Her principal ambition these days, though, is to polish her acting chops. "The stuff that I've been doing, I haven't been able to really act yet," Lohan says, waving off the terrific reviews she has consistently received in comedic roles. "I feel better when I'm crying in a scene or I'm fighting with someone or I'm getting really upset. With movies now, it's very easy for a girl to dumb herself down or look ugly or be naked or be a lesbian or gain weight—those are the ones that win Oscars. The only one who didn't have to do that was Julia Roberts. And she never took her clothes off."

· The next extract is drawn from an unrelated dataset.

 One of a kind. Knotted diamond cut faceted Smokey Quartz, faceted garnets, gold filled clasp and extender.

Lohan won't undress for the camera either, which may incite collective chest-beating on the part of American men. But it's not because she has anything to hide. "They're totally real," she says of her breasts. "I will admit that when I first started to develop boobs, my friends were like, 'Oh my god, what happened, and are your boobs real?' Even me, I was in shock because I was so flat that when I got a chest, it was like, wow. And compared to the rest of my body they kind of, like, popped. And they sit up." She cups them with her hands and laughs. "But I'm young. I'm young and I only got my boobs, like, a year and a half ago, so of course they're going to look good. I love 'em."

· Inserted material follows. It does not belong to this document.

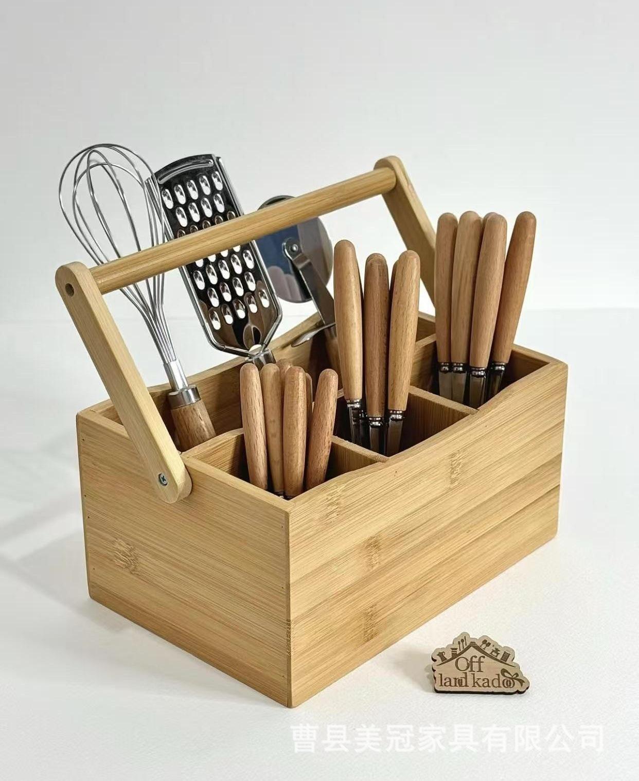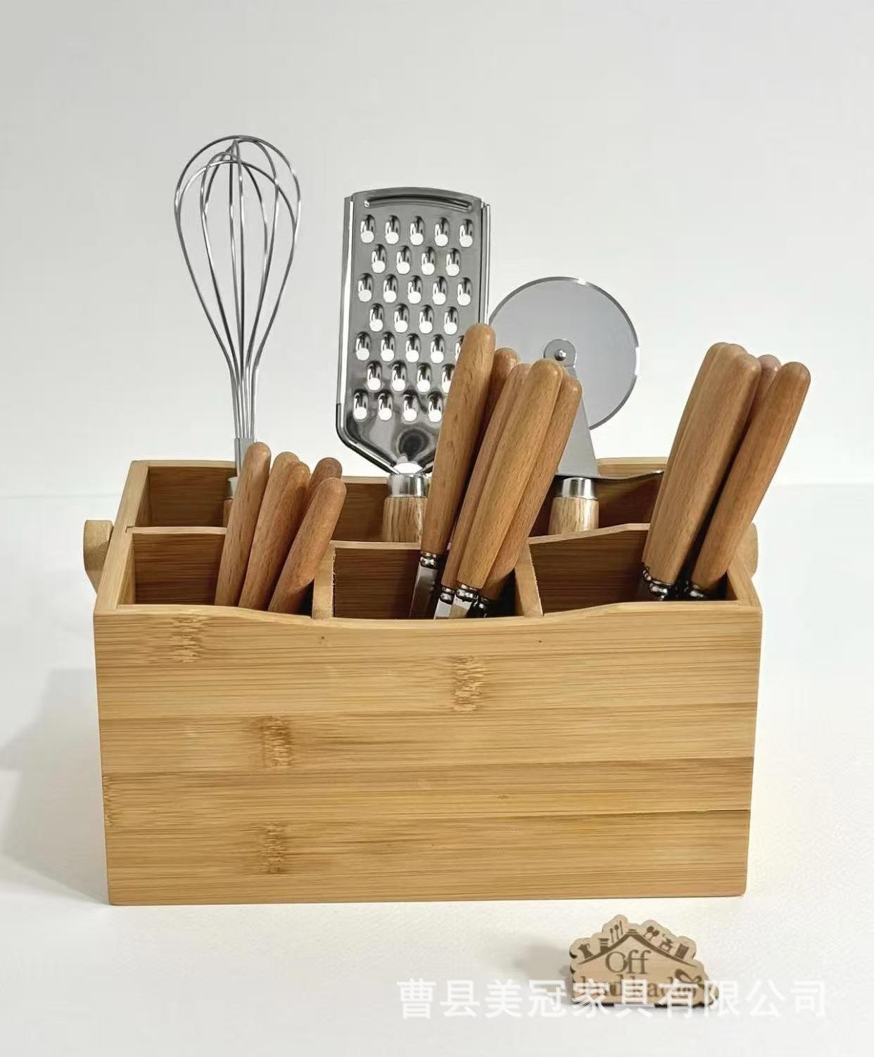 Temu Transfronterizo Nuevo Cuchillo y Tenedor Caja de Almacenamiento de Madera Maciza Cocina Acabado Placa de Expansión Caja de Almacenamiento de Vajilla Hogar Stock Listo

It's hard to begrudge her that. Lohan the watchable, surfable, iPod-able product may delight millions of kids—not to mention the quorum of old New Orleans patricians overheard talking about her curves while sipping turtle soup out of teacups at a Mardi Gras luncheon—but she's a thousand times more appealing in person. That's because, topic after difficult topic, nothing seems to rattle her contagious good humor. Well, one thing rattles it: the widespread reports, from movie extras speaking anonymously to the New Orleans Times-Picayune, that she's turned production of the Lucky project into a daily hell. "Where is this being said?" she asks, visibly stricken. "Are you serious? Well, if I were a nightmare, I don't think I'd be doing it. I think it would be a karma issue. But that sucks and I don't want to know about it." She pauses and seems to roll the idea around in her head. "You know, I have so much shit on my plate that if I'm having a bad day and you aren't sympathetic towards that and I'm sympathetic towards you when you have your bad days, then I may say something to you, and I won't regret it. But people have been great on this movie. People really have, and it's been cool."

Lohan still has a few storms to weather. Her father has recently been in talks with TV producers about building a reality show around the Lohan family—to the extent that he has access to the Lohan family—and the show appears to be moving forward. "Whatever," says Lindsay. "As sick as it sounds, a reality show might help, actually. At least then people could get to the truth."